__Aim of the task__. Reproduce all the lines below exactly and omit the images.

----

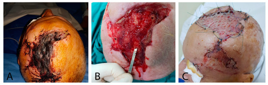 (A) Parieto-occipital fascial flap necrosis. (B) Surgical approach after parieto-occipital fascial flap necrosis—periosteal removal. (C) Immediate postoperative results.
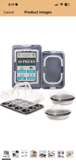 Country Kitchen Baking Pans Set - 10 Piece Non-Stick Cake Pans with Carry Lids for Easy Storage & Travel, Perfect for Parties - Stackable, Cream$50Greensboro, NC
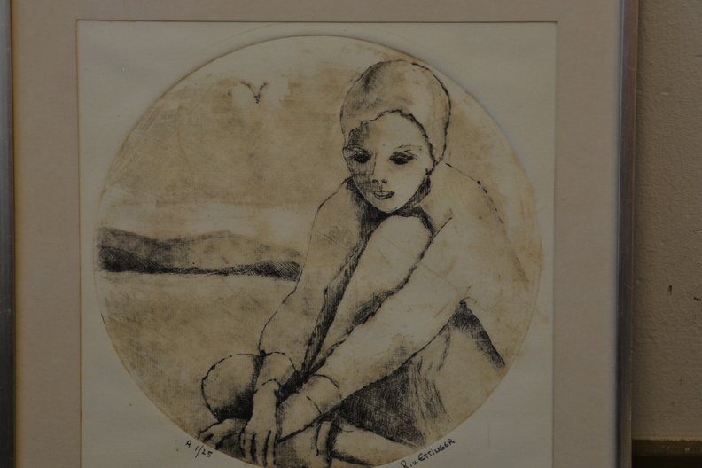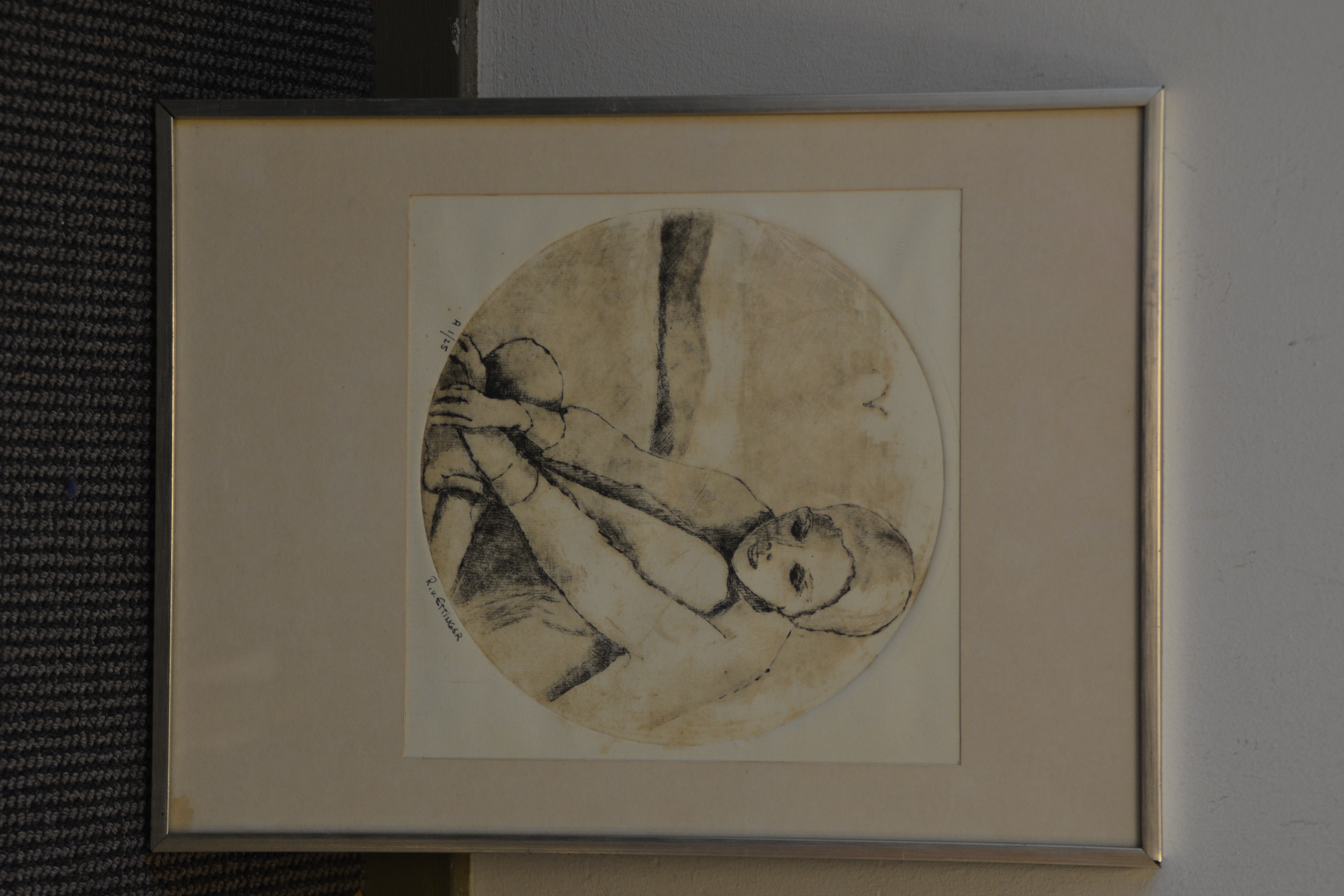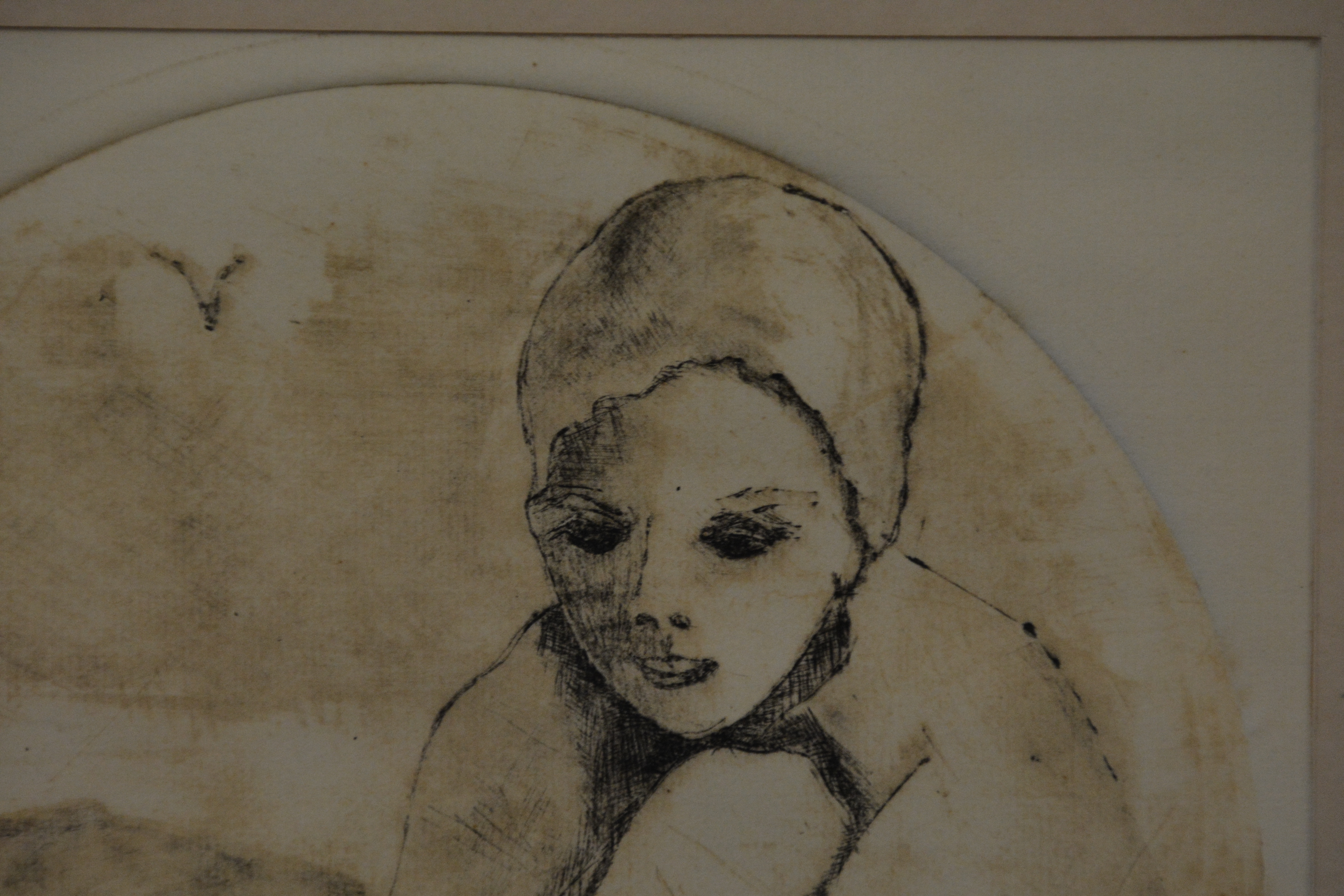Ingelijste ets: Vrouw met badmuts, no. 1/25 stuks.
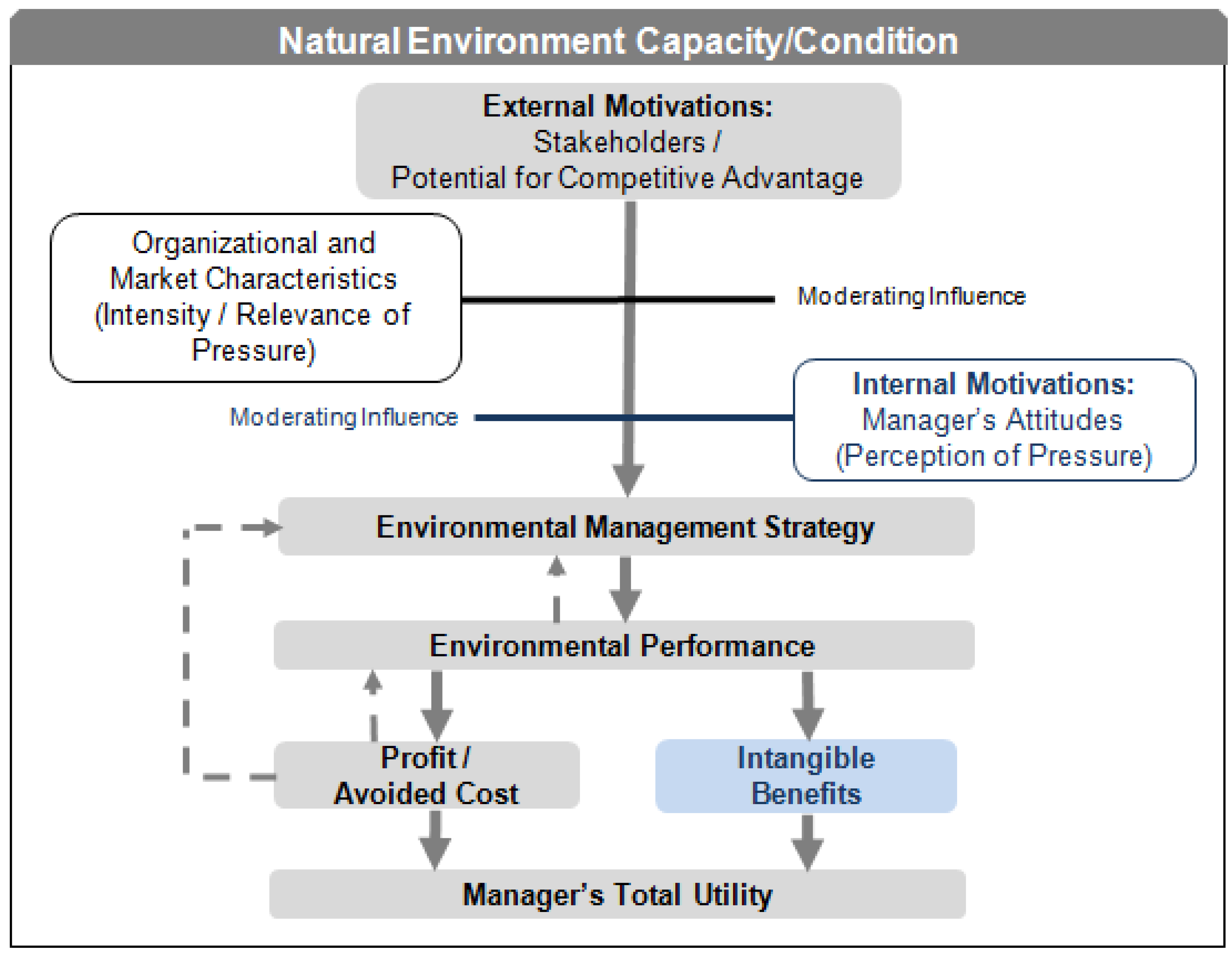 This paper draws primarily on economics, and secondarily on strategic management literature, integrating concepts to create a comprehensive discussion of moderating influences on environmental management. Although this discussion emphasizes economic theories and findings, Rumelt, Schendel, and Teece (2009) [30] note that strategic management literature has drawn heavily on economics, and the intent is to provide insights useful to both lines of inquiry. The next section reviews institutional determinants and moderators of environmental management when profit maximization is the assumed objective. Section 3 describes a conceptual model combining institutional theory and utility maximization. Section 4 presents empirical studies incorporating management attitudes as a moderating factor. Section 5 provides a brief summary discussion, and Section 6 concludes that our understanding of business environmental management may be enhanced by integrating analytical frameworks, and specifically examining managers’ attitudes.
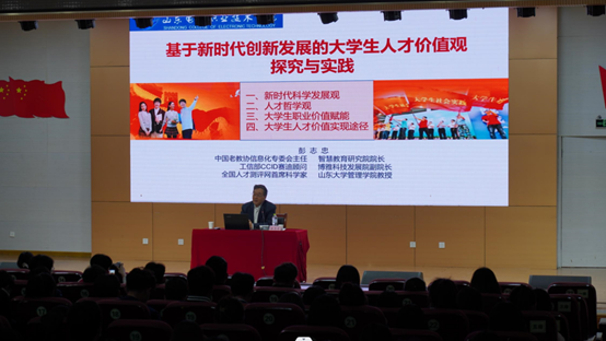 ?? 3月16日下午,由校團委主辦、商務(wù)管理系承辦的龍泉講壇系列講座《基于新時代創(chuàng)新發(fā)展的大學(xué)生人才價值觀探究與實踐》在學(xué)術(shù)報告廳舉行。中國老教授協(xié)會信息化專委會主任、智慧教育研究院院長、山東大學(xué)管理學(xué)院教授彭志忠主講。
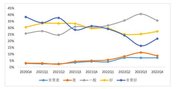 报告称,相比三季度,预期未来一年经济发展“差”的家庭占比由2022年三季度的11.1%下降至8.6%,预期未来一年经济发展“好”的家庭占比由2022年三季度的25.2%上升至27.2%,预期未来一年经济发展“非常好”的家庭占比由2022年三季度的16.2%上升至21.6%。
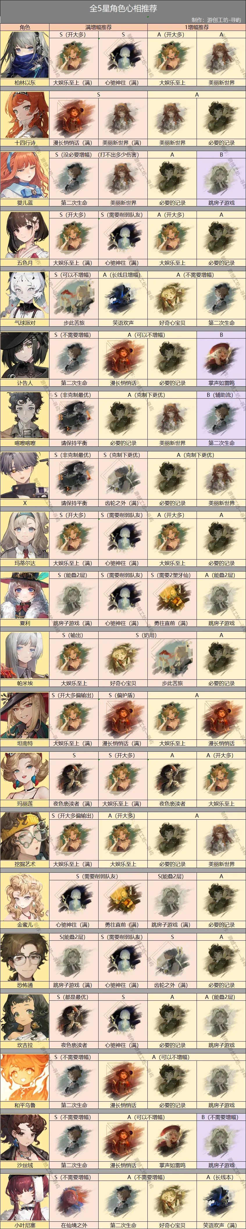 司辰们好呀,今天带来了1.7版本全5星角色心相推荐,新增5星心相齿轮之外,同时还加入满增幅与1增幅情况下的心相推荐。

----

__Result of this task__.
 (A) Parieto-occipital fascial flap necrosis. (B) Surgical approach after parieto-occipital fascial flap necrosis—periosteal removal. (C) Immediate postoperative results.
 Country Kitchen Baking Pans Set - 10 Piece Non-Stick Cake Pans with Carry Lids for Easy Storage & Travel, Perfect for Parties - Stackable, Cream$50Greensboro, NC
Ingelijste ets: Vrouw met badmuts, no. 1/25 stuks.
 This paper draws primarily on economics, and secondarily on strategic management literature, integrating concepts to create a comprehensive discussion of moderating influences on environmental management. Although this discussion emphasizes economic theories and findings, Rumelt, Schendel, and Teece (2009) [30] note that strategic management literature has drawn heavily on economics, and the intent is to provide insights useful to both lines of inquiry. The next section reviews institutional determinants and moderators of environmental management when profit maximization is the assumed objective. Section 3 describes a conceptual model combining institutional theory and utility maximization. Section 4 presents empirical studies incorporating management attitudes as a moderating factor. Section 5 provides a brief summary discussion, and Section 6 concludes that our understanding of business environmental management may be enhanced by integrating analytical frameworks, and specifically examining managers’ attitudes.
 ?? 3月16日下午,由校團委主辦、商務(wù)管理系承辦的龍泉講壇系列講座《基于新時代創(chuàng)新發(fā)展的大學(xué)生人才價值觀探究與實踐》在學(xué)術(shù)報告廳舉行。中國老教授協(xié)會信息化專委會主任、智慧教育研究院院長、山東大學(xué)管理學(xué)院教授彭志忠主講。
 报告称,相比三季度,预期未来一年经济发展“差”的家庭占比由2022年三季度的11.1%下降至8.6%,预期未来一年经济发展“好”的家庭占比由2022年三季度的25.2%上升至27.2%,预期未来一年经济发展“非常好”的家庭占比由2022年三季度的16.2%上升至21.6%。
 司辰们好呀,今天带来了1.7版本全5星角色心相推荐,新增5星心相齿轮之外,同时还加入满增幅与1增幅情况下的心相推荐。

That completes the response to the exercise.